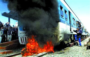 阿根廷電視臺(tái)畫(huà)面上,布宜諾斯艾利斯西郊梅洛站?康囊涣谢疖(chē)冒著黑煙,火焰吞沒(méi)整列火車(chē)。在鄰近梅洛的卡斯特拉爾站,乘客向售票處投擲石塊,站在鐵軌上阻止列車(chē)進(jìn)站。
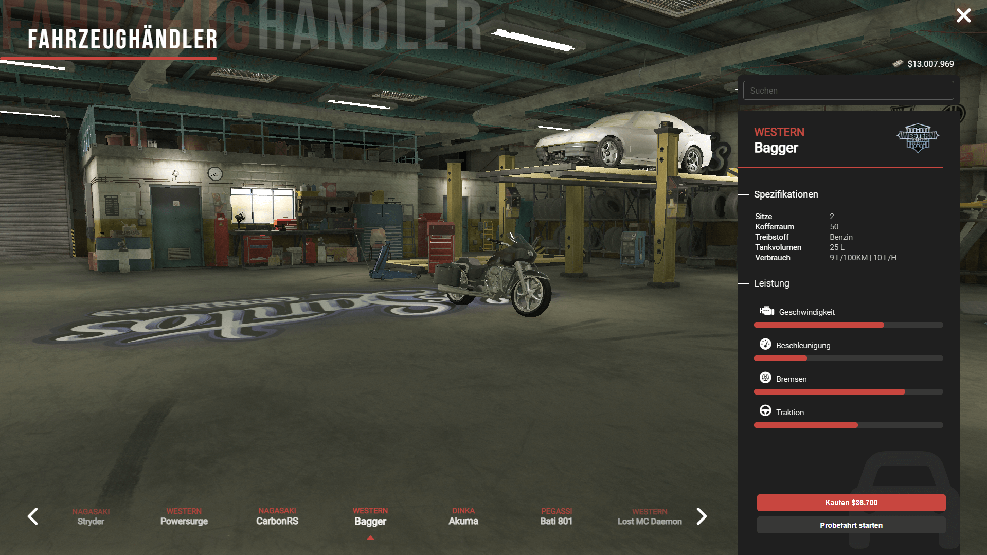 | Lost MC Daemon | Western | $64.700 | 50 | TuningkostenMotor 1: $6.470 | $16.175 | ![]() |
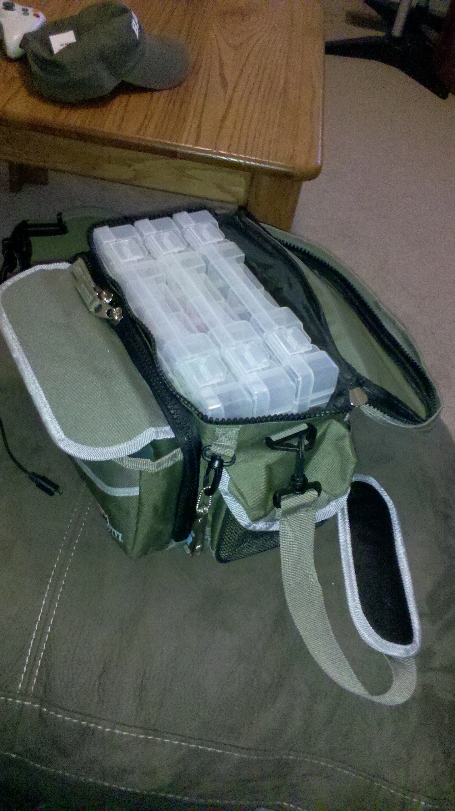 For Christmas 2011, I asked Santa to upgrade my plastic tackle box to a canvas tackle bag. He didn’t bring me one, but he did give me a gift card for Gander Mountain and asked me to pick out my own. Given the small amount of lures and baits I had at the time, this is what I picked out:
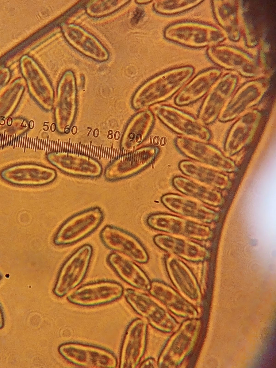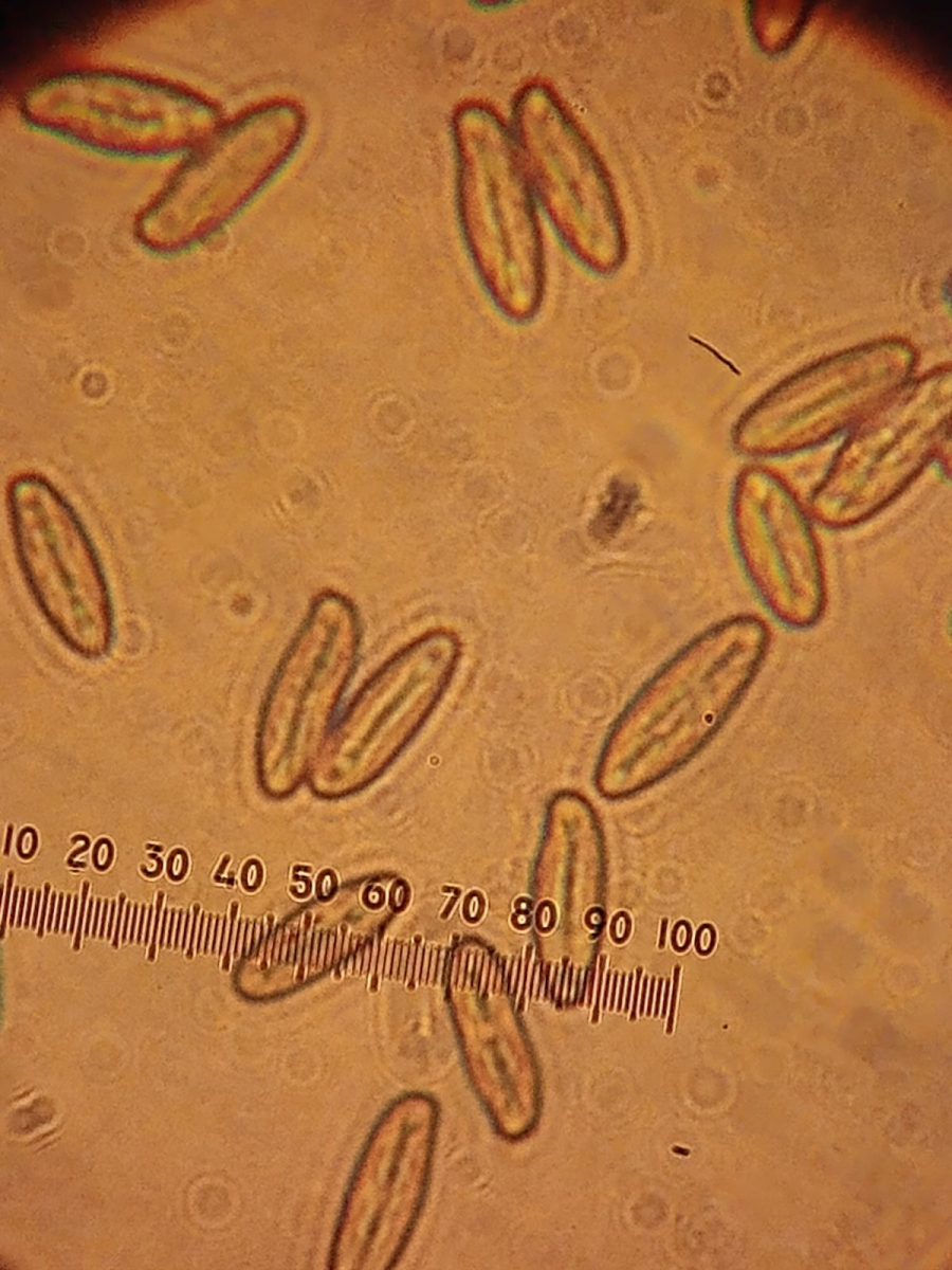 weil ich jetzt ein Mikroskop habe und endlich auch die benötigte Messvorrichtung, konnte ich heute deinen Auftrag erfüllen und die Sporen messen. Ich musste mich da zunächst reinwurschteln und hoffe, ich habe keinen Murks mit der Umrechnung der Einheiten gemacht. Gemessen habe ich einzelne, freiliegende Sporen. Die Länge bewegte sich zwischen 0,0125 und 0,016 mm. Im Durchschnitt (n=10) 0,014mm, die durchschnittliche Breite (0,004-0,005mm) bei 0,0045mm. Ich habe verstanden, dass es einer Sequenzierung bedürfte, um eine sichere Aussage machen zu können, trotzdem war es eine gute Übung.
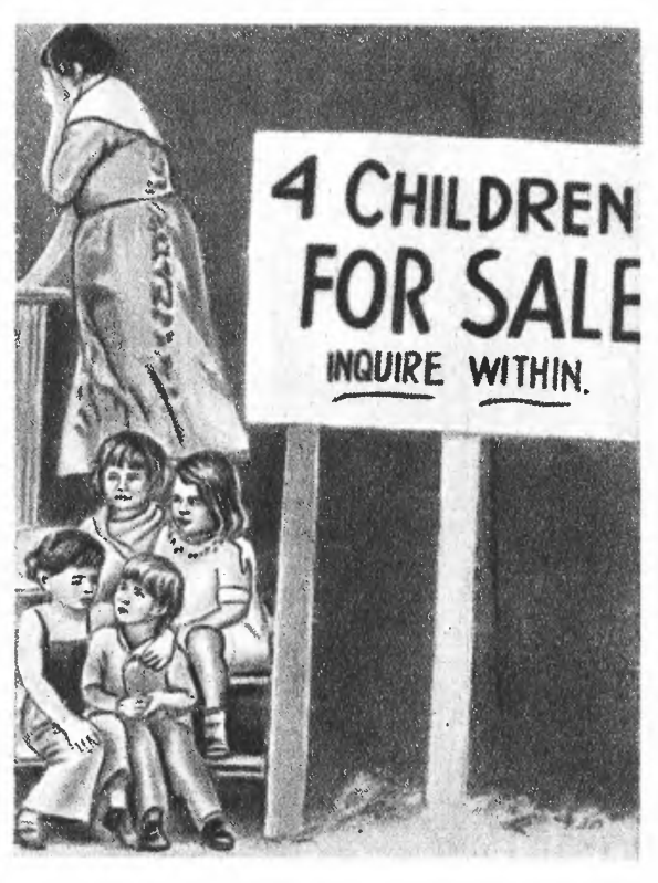 На другом итальянском острове, Сардинии, детвора трудилась на обогатительных фабриках, перерабатывавших руду, содержавшую свинец. По 8-10 часов дети находились по колено в стоячей холодной воде огромных ванн, в которых промывали минералы. В результате редкий ребёнок выдерживал более 2 лет такого труда, так как из-за ревматизма и отравления свинцом умирало и превращалось в инвалидов около 70% маленьких каторжников. Продажа детей объявлениеНо капиталистов не удовлетворяло даже то, что они могут жестоко и безнаказанно эксплуатировать детский наемный труд. Буржуазия стремилась и стремится заполучить миллионы маленьких безвольных и послушных рабов в частную собственность. Газета «New-York Journal and American» № 57 за 1952 год опубликовала заметку «Children for sale» («Продаются дети») с фотографией, на которой показан кусок шумной улицы, убогое крыльцо, на котором сидят четверо малышей, и женщина, закрывшая руками лицо. Над детьми висит кусок фанеры с надписью: «Продаются 4 ребёнка, за подробностями обращаться сюда». Так безработные Рей и Люсил Шалиф, отчаявшись найти работу и истратив на еду все скудные накопления, решились на последнее средство спасения малышей от голодной смерти – на продажу своих детей. Мало кто знает, что в развитой и демократической Америке до 1962 года существовали целые агентства, скупавшие детей у нищих родителей, вроде супругов Шалиф, и перепродававшие свой «товар» по назначению: девочек, чаще всего, в подпольные притоны «коза-ностры», мальчиков – на заводы и фабрики крупнейших американских монополий. Эти агентства были запрещены именным указом президента Кеннеди[19], но после его убийства в ноябре 1963 года, они опять заработали и продолжали позорную торговлю «живым товаром» примерно до 1968 года – предположительно под крылышком ФБР[20]. (Таких агентств полно и в сегодняшней буржуазной России. Только продают они наших детей все больше иностранцам. Для каких именно целей, понятно из информации, данной выше автором настоящей статьи. Когда этот выгодный «бизнес» действующая власть попыталась хотя бы формально ограничить (пресловутый «Закон Димы Яковлева»), помните, какой поднялся вой? Громче всех выла либеральная оппозиция, хорошо показывая свою классовую физиономию. — прим. РП)
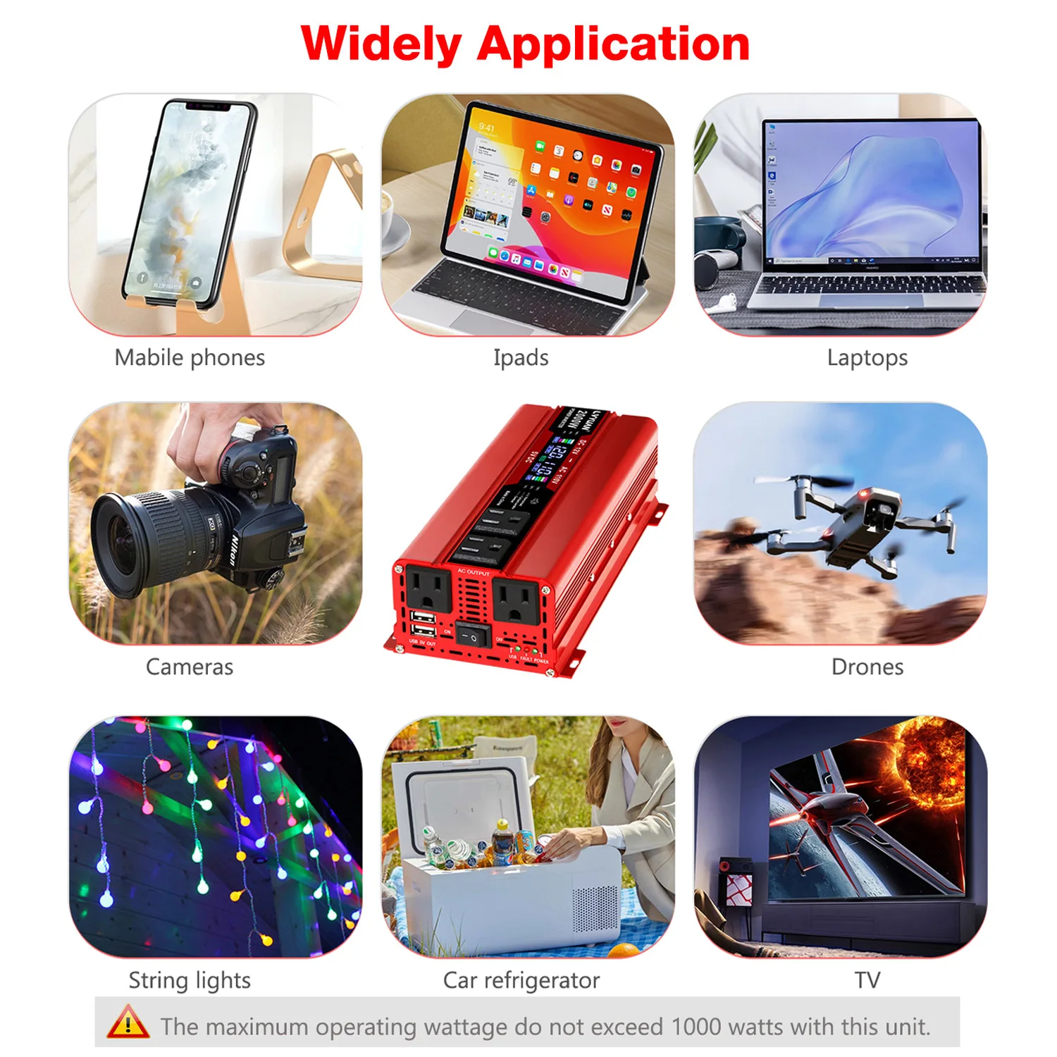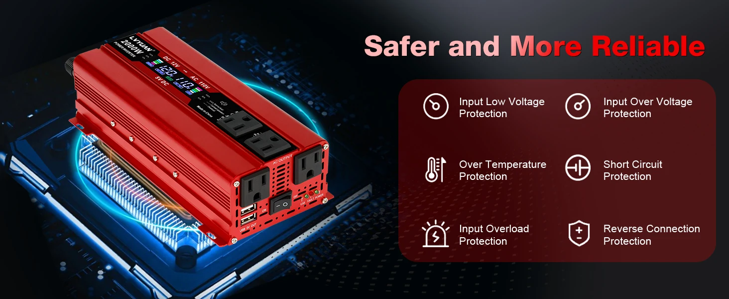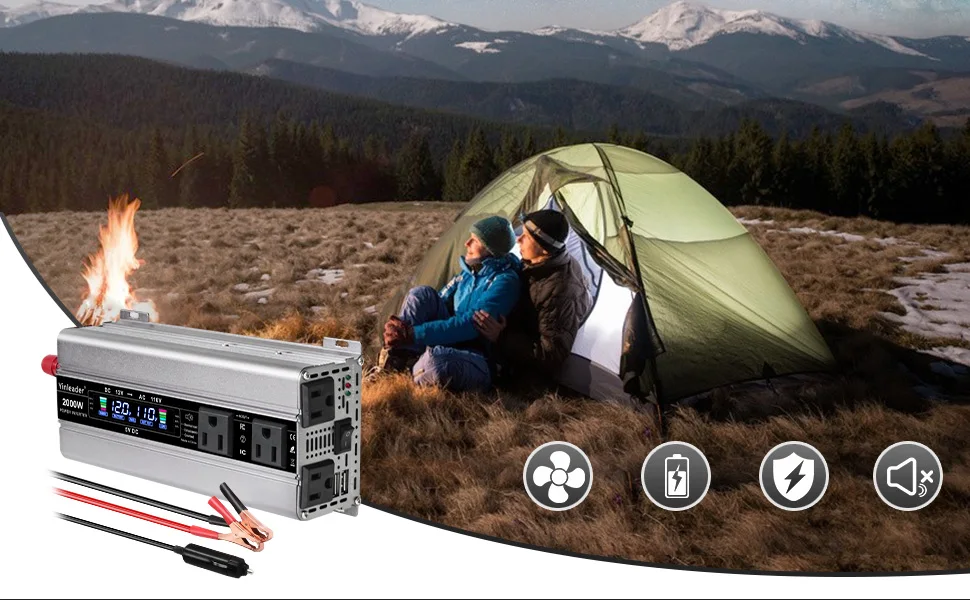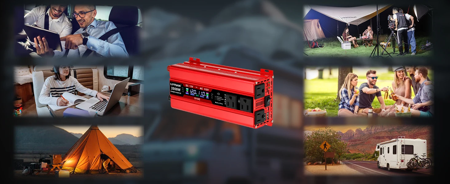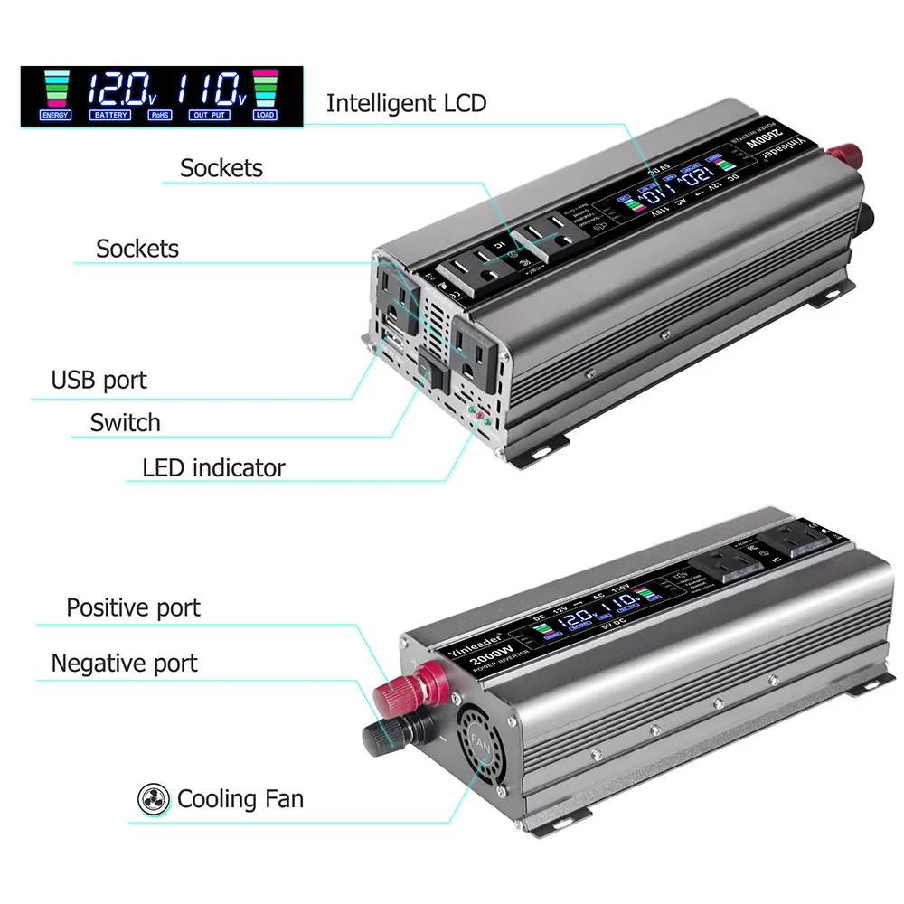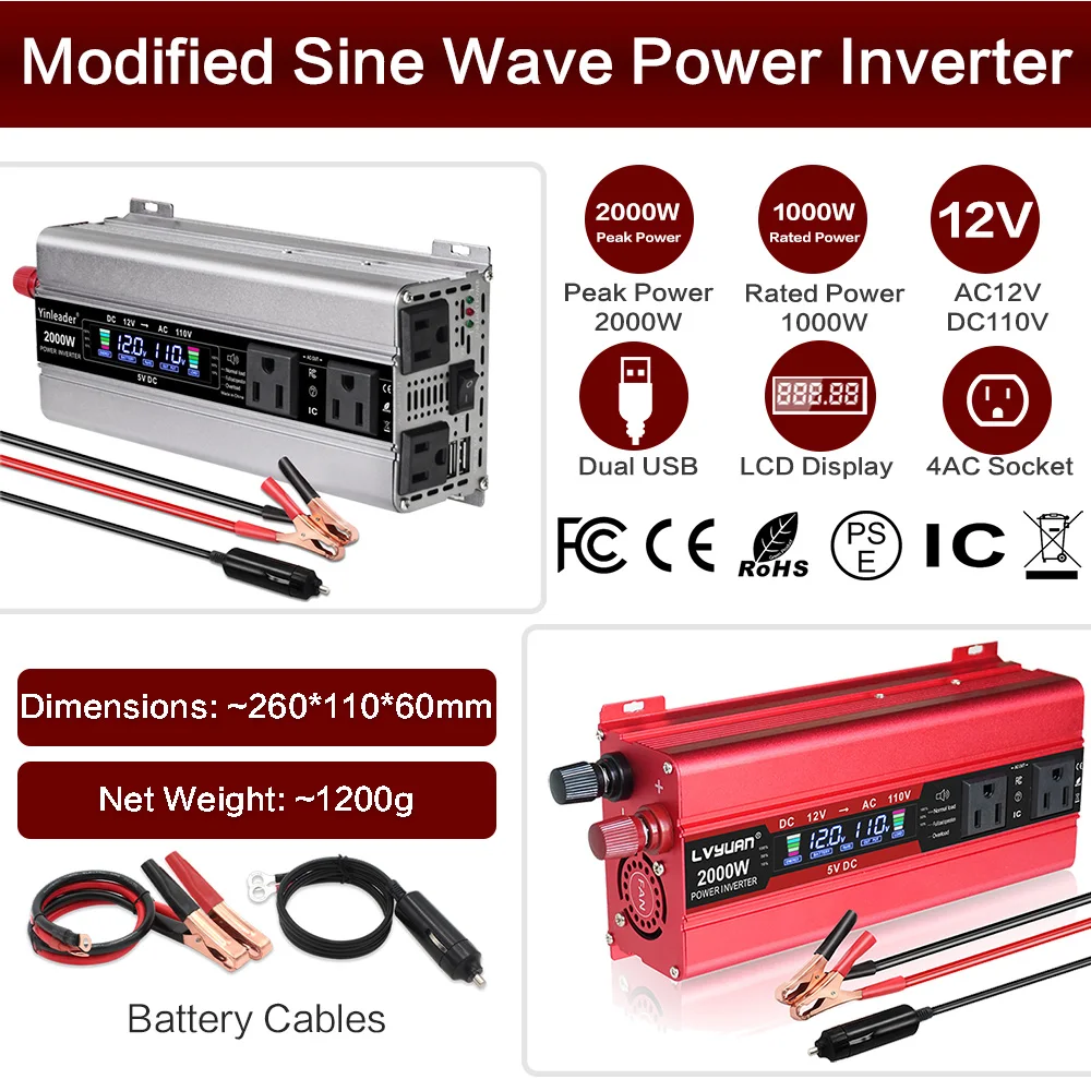 Lvyuan 2000W 12V to 110V รถอินเวอร์เตอร์ดัดแปลง Sine Wave Volatge Converter 60Hz 4 AC US ซ็อกเก็ต Dual USB อินเวอร์เตอร์ LCD
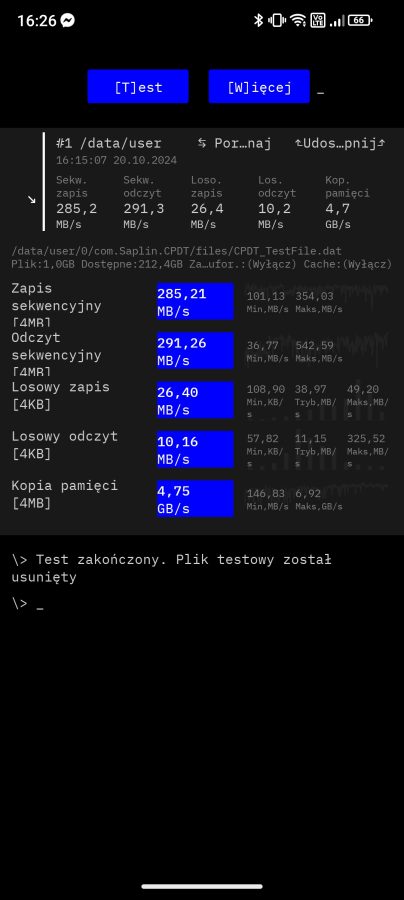 Telefon jest wyposażony w 256 GB pamięci wewnętrznej (227 GB zostaje do wykorzystania), którą – co ważne – można rozszerzyć z użyciem slotu kart microSD o nawet 1 TB. Szybkość pamięci standardowo przetestowana w CPDT:

········

[Exercise prompt] When you reach the line with "1: $6.470 | $16.175 | ![]() |" in the records above, begin repeating the lines exactly, and stop after the line with "For Christmas 2011, I". Skip all pictures.

[Task solution]
 | Lost MC Daemon | Western | $64.700 | 50 | TuningkostenMotor 1: $6.470 | $16.175 | ![]() |
 For Christmas 2011, I asked Santa to upgrade my plastic tackle box to a canvas tackle bag. He didn’t bring me one, but he did give me a gift card for Gander Mountain and asked me to pick out my own. Given the small amount of lures and baits I had at the time, this is what I picked out:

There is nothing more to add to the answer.